POSTED: 7:31 a.m. HST, Jan 29, 2012
LAST UPDATED: 1:09 p.m. HST, Jan 29, 2012
LAS VEGAS >> Nevada's casinos have taken on more debt than ever before, shifting the finances of the state's largest industry into unprecedented territory, according to an analysis of state gambling data by the University of Nevada, Las Vegas.
The study released by UNLV Center for Gaming Research found that total liabilities for the state's casinos have grown 18-fold since 1984 to $51.2 billion during the fiscal year that ended in June 2011. But with $22 billion in casino revenues for that same period, the money they were pulling in was only five times the amount from 1984.
The center's director, Dave Schwartz, said that since 2008, casinos have owed more in long-term debt than they collectively earn in revenue each year.

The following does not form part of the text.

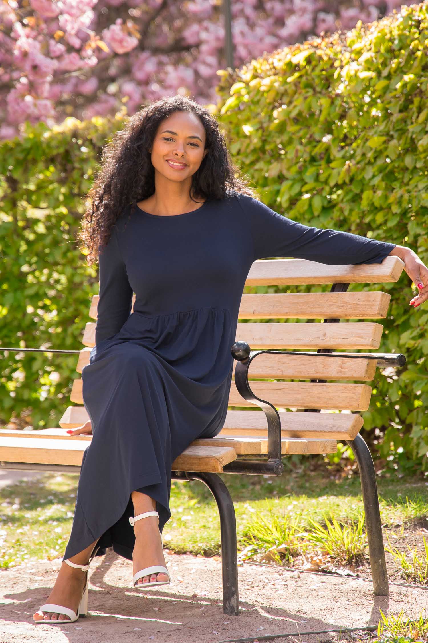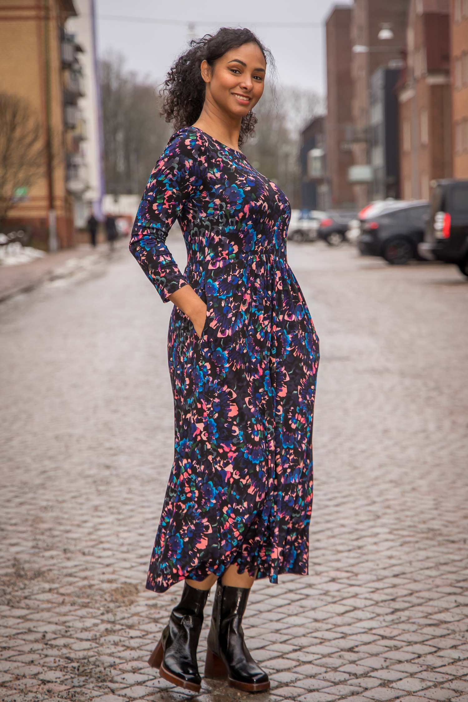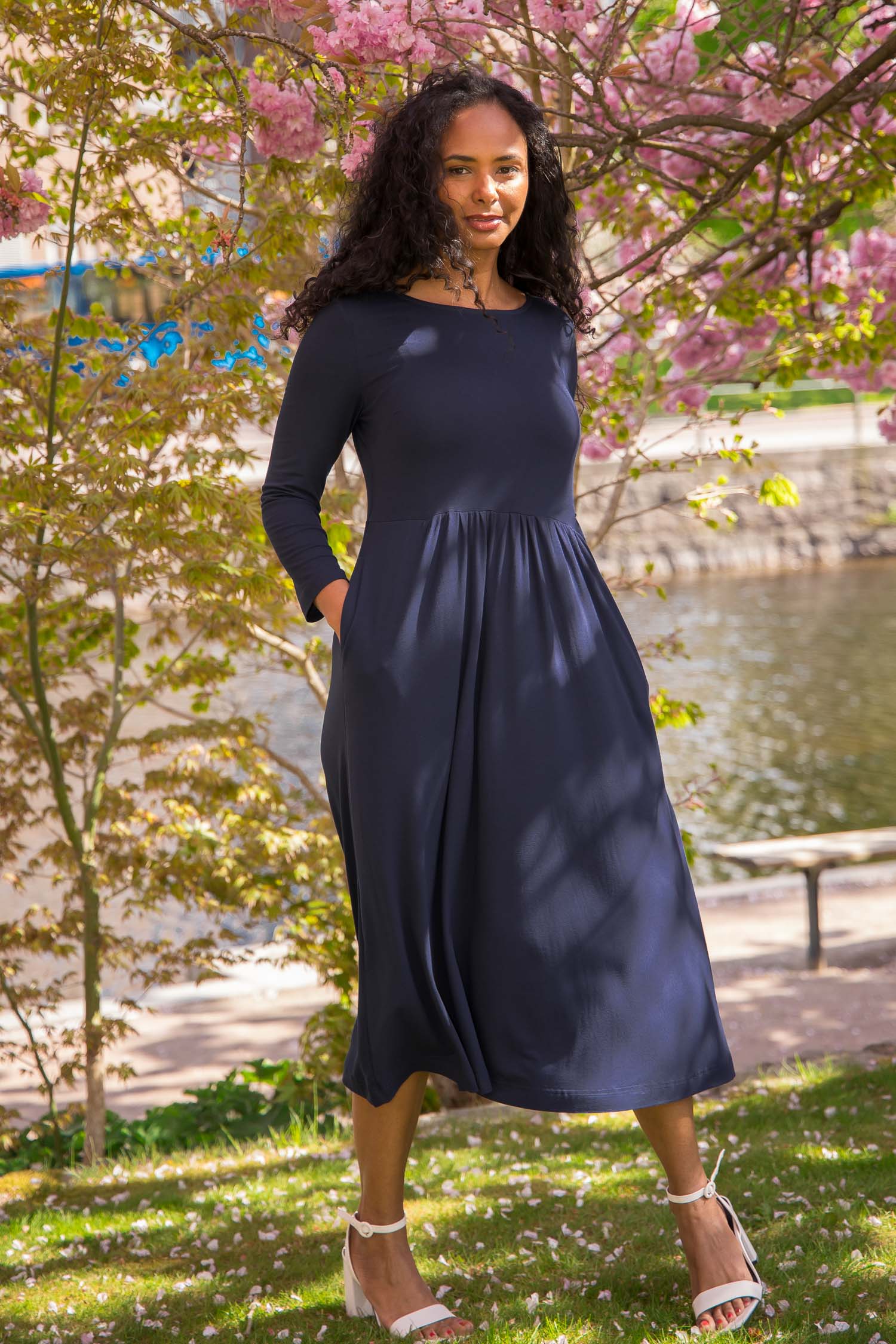 Omlottklänning utan knytband, fastsydd i midjan och enkel att dra på. Både överdelen och kjolen omlottar framtill, vilket ger en välsittande och lättburen passform. Ärm med lätt rynk upptill. Klockad kjol med vidd. Sys i stretchig viskos/elastan-trikå med tungt fall.

"This says that the growth that we saw and the investment that we saw in the middle of the decade was quite different from what we saw in the middle of the 90s," Schwartz said.
The years just before the Great Recession were the best — and most optimistic — years for Sin City casinos, as developers were eager to build more megaresorts and casinos seemed to fill hotel rooms and slot machines as quickly as they could build.
The success led to aggressive financing for construction and the pricey privatizations of Caesars Entertainment Corp., then Harrah's Entertainment, and Station Casinos Inc. Both corporate buyouts left the companies with significant debt.
Casinos in Nevada collectively lost $14.2 billion before taxes from July 2008 to June 2011.
Schwartz said that since fiscal 2009, general and administrative costs for things like interest payments and write-downs have consumed more than half of all casino revenues in the state.